Les déportations de prisonniers de Westerbrok vers les camps de concentration à l'Est commencent le 14 juillet 1942. Le rythme des déportations connaît deux très grands pics : en octobre 1942 (12 000 personnes arrêtées et déportées en un mois) et d'août à décembre 1943 (30 000 personnes déportés durant cette période)[46]. De juillet 1942 à septembre 1943, plus de 93 000 personnes sont déportées depuis Westerbrok. En septembre 1944, le nombre total de personnes déportées se monte à 107 000[47].

Les trains de la mort comprennent en moyenne 1 000 personnes à bord. Au total, 113 trains partiront de Westrerbork vers les camps de concentration, dont 78 pour Auschwitz, 19 pour Sobibor, 9 pour Bergen Belsen et 7 pour Theresienstadt[46]. Jusqu'à août 1943, la principale destination des trains était Auschwitz, après cette date, c'est Sobibor qui devient la principale destination[46]. Le camp de Theresienstadt fonctionne également comme camps de transit et une très large majorité des déportés (en moyenne plus de 75 %) est ensuite transférée vers un camp d'extermination. Dans deux des transports les prisonniers sont transférés à Bergen-Belsen (100% des prisonniers du convoi n° 8 et 74 % des prisonniers du transport n° 3 en provenance de Westerbrok via Theresienstadt[48].

À partir du 14 juillet 1942, les déportations massives de prisonniers juifs des Pays-Bas vers les […] de l'Est commencent. Environ 101 000 des107000 Juifs des Pays-Bas ont été déportés de Westerbork seulement. A cet effet, un train circulait une fois par semaine jusqu'en 1944 sur un itinéraire spécialement aménagé vers l'est, les principales destinations étant les camps de concentration d'Auschwitz, Sobibor, Bergen-Belsen et Theresienstadt. Le dernier de ces trains de déportation quitte Westerbork le 13 avril. Septembre 1944 vers Bergen-Belsen. Seuls environ 5 000 des Juifs déportés des Pays-Bas sont revenus vivants dans leur patrie après la fin de la guerre. Les nazis tenaient des registres précis des détenus des camps, de sorte qu'aujourd'hui presque tous les noms, dates de naissance et dates de décès sont connus. Parmi les victimes les plus célèbres passées en par le camp de Westerbork l'écolière Anne Frank, et l'enseignante Etty Hillesum, toutes deux devenues mondialement célèbres après guerre à la suite de la publication de leurs journaux intimes.

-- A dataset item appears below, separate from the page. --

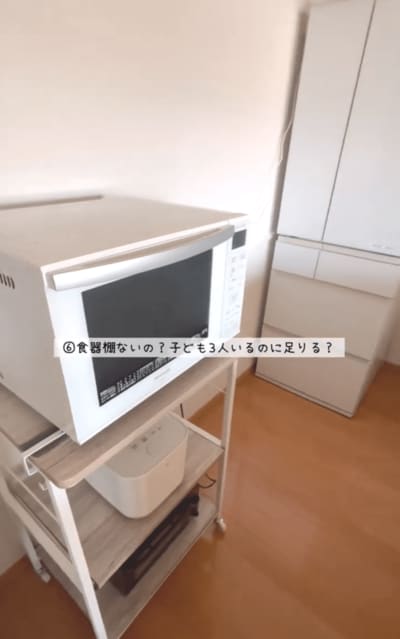 キッチンも必要最小限の家電と家具となっており、電子レンジラックと冷蔵庫のみが置かれています。

Le camp de Westerbork est libéré par les troupes canadiennes le 1er avril 1945, il y avait encore à cette époque plus de 850 détenus juifs dans le camp[49].

Settela Steinbach dans un wagon bétailler, transport au camp d'extermination - camp Auschwitz-Birkenau, janvier 1944

Outre les Juifs, 254 Sinti néerlandais ont également été déportés vers les camps d'extermination depuis Westerbork[50]. Ainsi, le , 244 personnes sont déportées à Auschwitz depuis Westerbork. Dans ce convoi se trouvent Sintiza Settela Steinbach et son frère aîné Celestinus "Willy" Steinbach, qui sont déportés en même temps que leur famille vers le camp de la mort d'Auschwitz-Birkenau. Tous y périssent à l'exception de son père[51].

Les historiens font état de tensions importantes entre les Juifs néerlandais et allemands à Westerbork. Les détenus néerlandais étaient convaincus que la dureté des mesures qui leur étaient imposées était en grande partie due au grand nombre de Juifs qui avaient fui vers les Pays-Bas. À Westerbork, le chef du service de sécurité juif local, Kurt Schlesinger, était chargé de dresser les listes de déportation. Malgré son incarcération, il collabora avec le commandant du camp, Albert Konrad Gemmeker.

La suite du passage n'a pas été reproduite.